Yeah. Im pretty hot huh? Form an orderly queue (Didnt I say that last year :roll: )



> *Kaytutt wrote: *Oops I'm late! Happy Birthday Barry, the lavish pressie is in the post <eventually> ccasion4: :tongue2:


Didnt you give me one earlier? :twisted:

Never fear girls (and boys if you like) there is plenty to go around.

Might even save you some cake.

Acutally where is my f ing cake?


----------



## valphil (Sep 5, 2012)

Happy birthday Bazza , your my tonights excuse for an excess of alcohol , think I'll start with a shot of Archers ... Cheers mate


----------



## barryd (May 9, 2008)

> *valphil wrote: *Happy birthday Bazza , your my tonights excuse for an excess of alcohol , think I'll start with a shot of Archers ... Cheers mate


Get it there Phil!! About time someone decided to have a drink with me. Lets get Pished and cause trouble! 

I am assuming its Phil talking. If thats you Val then......


----------



## jo662 (Jul 27, 2010)

:new-bday: Barryd!

I didnt know people lived that long!!


----------



## valphil (Sep 5, 2012)

Her favorite artist there Barry .. apart from the pxss artist she's married to


----------



## Kaytutt (Feb 5, 2013)

> Didnt you give me one earlier? :twisted:


You know me, generous to a fault :wink:


----------



## suedew (May 10, 2005)

Happy birthday Barry hope your are organising another great music meet for the biggie next year.

sue and John


----------



## wobby (May 1, 2005)

49 today!
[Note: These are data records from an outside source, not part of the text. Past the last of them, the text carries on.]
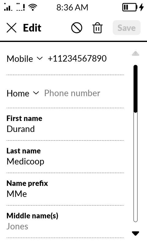 I have just added a new contact with just a phone number (Mme xxx xxx)
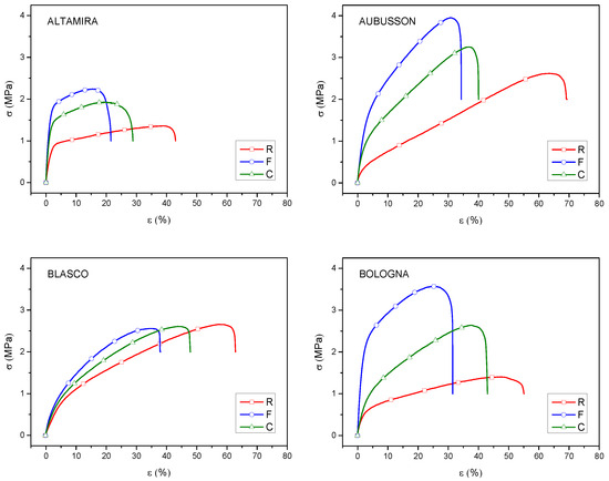 Figure 8. In general, all thermoplastics bulk samples from refined flours were less resistant and more deformable than the corresponding samples from wholegrain flours. Furthermore, in samples from wholegrain flours of all varieties, the coarse bran particles increased the strength and decreased the deformability as compared to the fine bran. This result, if correlated to the morphological analysis carried out on the samples of wholegrain flour C, suggests that coarse bran particles cause, together with an effective fibrous reinforcement effect, also defects which constitute points of poor transmission of the matrix/reinforcement forces, delamination and therefore triggering of fractures, which compromise their real effectiveness. In general, the negative effect of defects due to the presence of bran fiber is much less evident for composites based on wholegrain F flours; this may be motivated by the smaller size of the bran particles, which are better dispersed and connected to the biopolymer matrix which covers them uniformly [
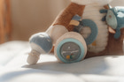Kram og leg med denne aktivitetsræv, der gemmer på mange spændende overraskelser. På skulderen finder du en knitrende bille, og ræven laver en raslende lyd, mens etiketterne indbyder til at blive rørt ved og følt på. Ringene omkring benet, spejlet på den ene fod og den grønne hale er blot nogle af de detaljer, der vil vække den lilles nysgerrighed. Efter al den leg vil den søde ræv inspirere til de mest fortryllende drømme om en magisk skov, hvor skovens venner leger.
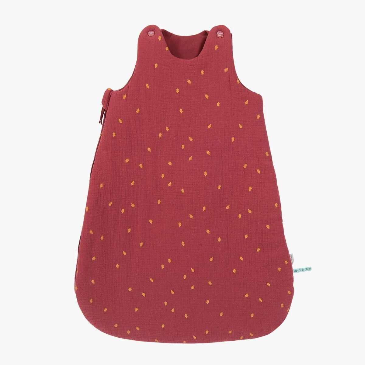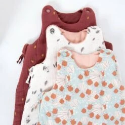 Gigoteuse 0-6 mois (TOG 3) en matières naturelles : lange terracotta avec motif feuilles de chêne sur l’extérieur, et doublure en toile 100% coton pour laisser respirer la peau de bébé. Fermeture à glissière et boutons-pression pour un habillage facile.
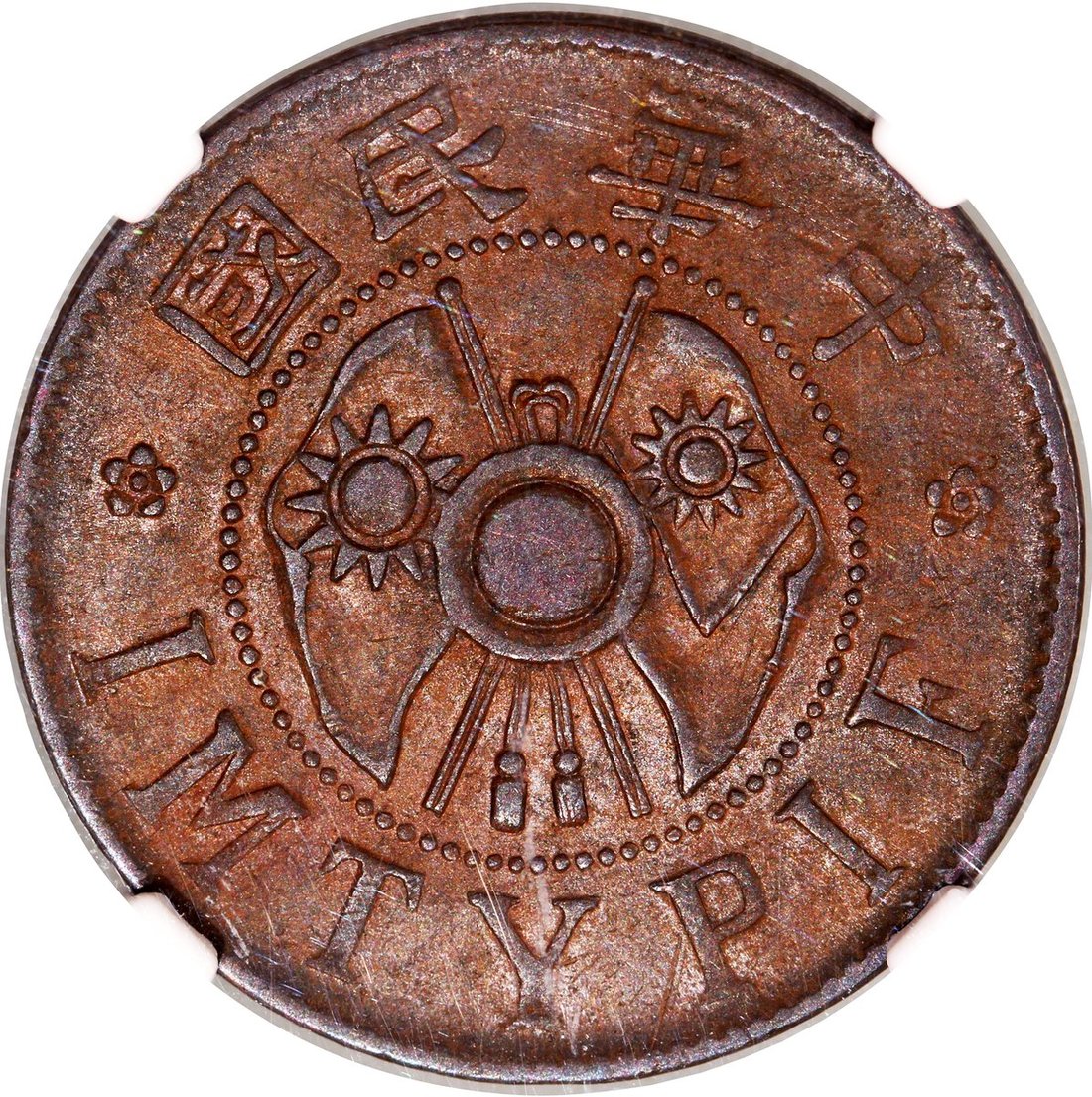 Shensi Province, copper 1 fen, 1928, crossed flags at obverse, NGC AU53BN
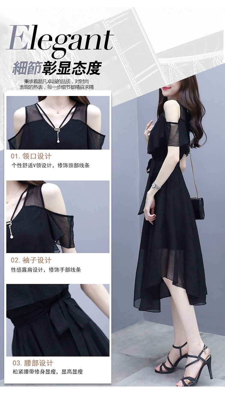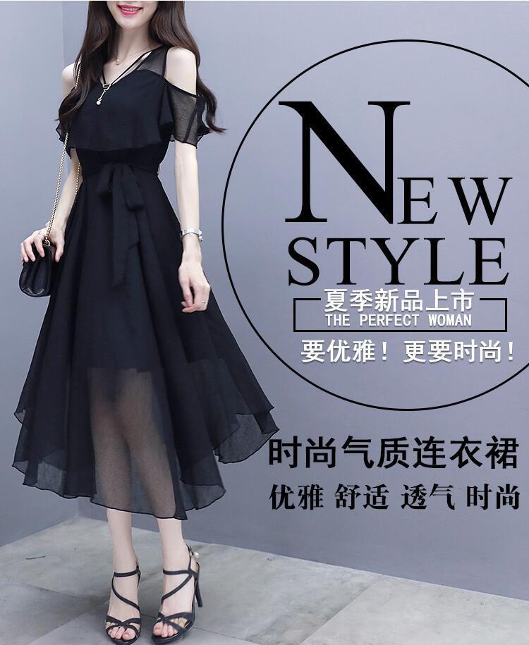 2025 여름 여성의 새로운 드레스 여성 짧은 소매 불규칙한 검은 색 슬림 중간 길이 스커트스토어 가기

Could have sworn you were older :wink: Happy birthday

Wobby


----------



## barryd (May 9, 2008)

> *wobby wrote: *49 today! Could have sworn you were older :wink: Happy birthday
> 
> Wobby


Why is there not a dislike button on here or the ability to abuse fellow members with really disgusting swearwords like wot there is on "another forum"?

DISLICK! 

EDIT: Mind you on the Fruitcakes a Dislick is concidered a badge of honour and members go out of their way to collect them. Some people eh? Spend half their lives on bloody forums. :roll:

Well now for a Birthday report. Its been crap foodwise until nibble time. The very expensive Goolie Ash we got from the award winning Butchers was crap but the French raw milk cheese from Lewis and Coopers, Smoked Duck Pate and Hummus with Jalapenos is just perfect!  I was hoping to smuggle out some vintage Port from Tugboat Towers when I left but he padlocked the drinks cabinet in the end so its another Leffe night. What sort for friend is he eh?

End of report.


----------



## raynipper (Aug 4, 2008)

So you have just gained a coupla kilos then Barry................... French Kilos...  

So thats 49 and gaining..??

Ray.


----------